When the RdCVF2L and RdCVFL protein sequences are compared the most striking difference is the absence of conservation of the most C-terminal cysteine of the catalytic site of thioredoxin in RdCVF2L. This cysteine has been replaced by a serine residue in the mammalian Nxnl2 genes (5). Without this critical cysteine residue, it is unlikely that RdCVF2L would have a thiol-oxydoreductase activity toward protein substrates, and consequently would not participate directly in a direct defense mechanisms against oxidative stress (23). Given these considerations we looked at alternatives that may explain the dysfunction of rod photoreceptors in the Nxnl2−/− mouse. We detected a reduction in the length of rod outer segments. We demonstrated that the deficit can be reverted by reintroducing the RdCVF2L protein using an AAV vector. The mislocalization of rhodopsin in the cell bodies of the ONL and microtubule disorganization have been described in other forms of murine retinal degeneration such as in mice lacking Rp1, Bbs2 and Bbs4 or myosin 7A genes (2427). In these models, protein transport is impaired. In addition, Bbs1−/− and Bbs4−/− mice have deficits in smell which resemble the olfactory deficit reported here in Nxnl2−/− mouse (28). Therefore, the Nxnl2 gene encoding for a short RdCVF2 protein is necessary for neuronal survival while the long isoform, RdCVF2L may act in the transport of rhodopsin protein to the outer segments of rod cells. Understanding the mechanism by which RdCVF2L is participating in the maintenance of outer segment length will require further investigation, and may involve its interaction with the Wnt/beta-catenin pathway (16). It is also known that thiorexdoxin proteins have chaperone activity that does not rely on the catalytic site (29).

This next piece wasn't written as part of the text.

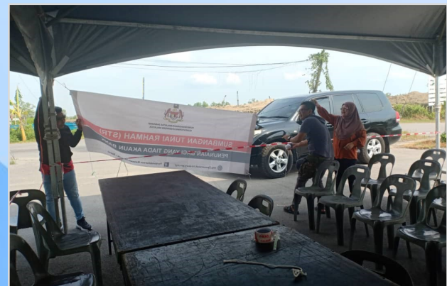
14 Ogos 2023 - Persiapan Program Sumbangan Tunai Rahmah (STR) di Pusat Penjaja Kabong.

We have further demonstrated that RdCVF signaling extends to other sensory organs in addition to the eye. Expression of the Nxnl2 gene was observed in the olfactory epithelium (Fig. 6) and more specifically by OSNs. It is presently unknown whether distinct sub-types of OSNs exist corresponding to the two classes of photoreceptors, the rods and the cones. However some differences clearly exist within these cells as different OSNs express distinct classes of G-protein coupled receptors, the well-characterized protein superfamily that includes opsins (30). Some of these sensory neurons can be protected in vitro by RdCVF2, and to a lesser extent by RdCVF2L (Fig. 8). A role of the Nxnl2 gene in maintaining the function of the OSN neurons throughout life is supported by the deficit in olfactory discrimination in the aged Nxnl2−/− mice (Fig. 7). Here again, as for the cone function, the phenotype is linked to the age of the animal. It is possible the Nxnl2−/− mouse represents a model of accelerated aging of sensory systems. Since OSNs regenerate throughout life, their increased death in the absence of the protection by the trophic factor RdCVF2 would finally, at a late age, saturate the regenerative process leading to the observed dysfunction. Alternatively, and based on a possible deficit in rhodopsin transport to the outer segments and on the fact that TAU is found to be hyperphosphorylated in olfactory epithelium (Fig. S2), the dysfunction in olfactory discrimination may result from a progressive defect in the transport of odorant receptor molecules throughout the cilium of these neurons. It remains to characterize what molecular mechanisms in aging create such conditions.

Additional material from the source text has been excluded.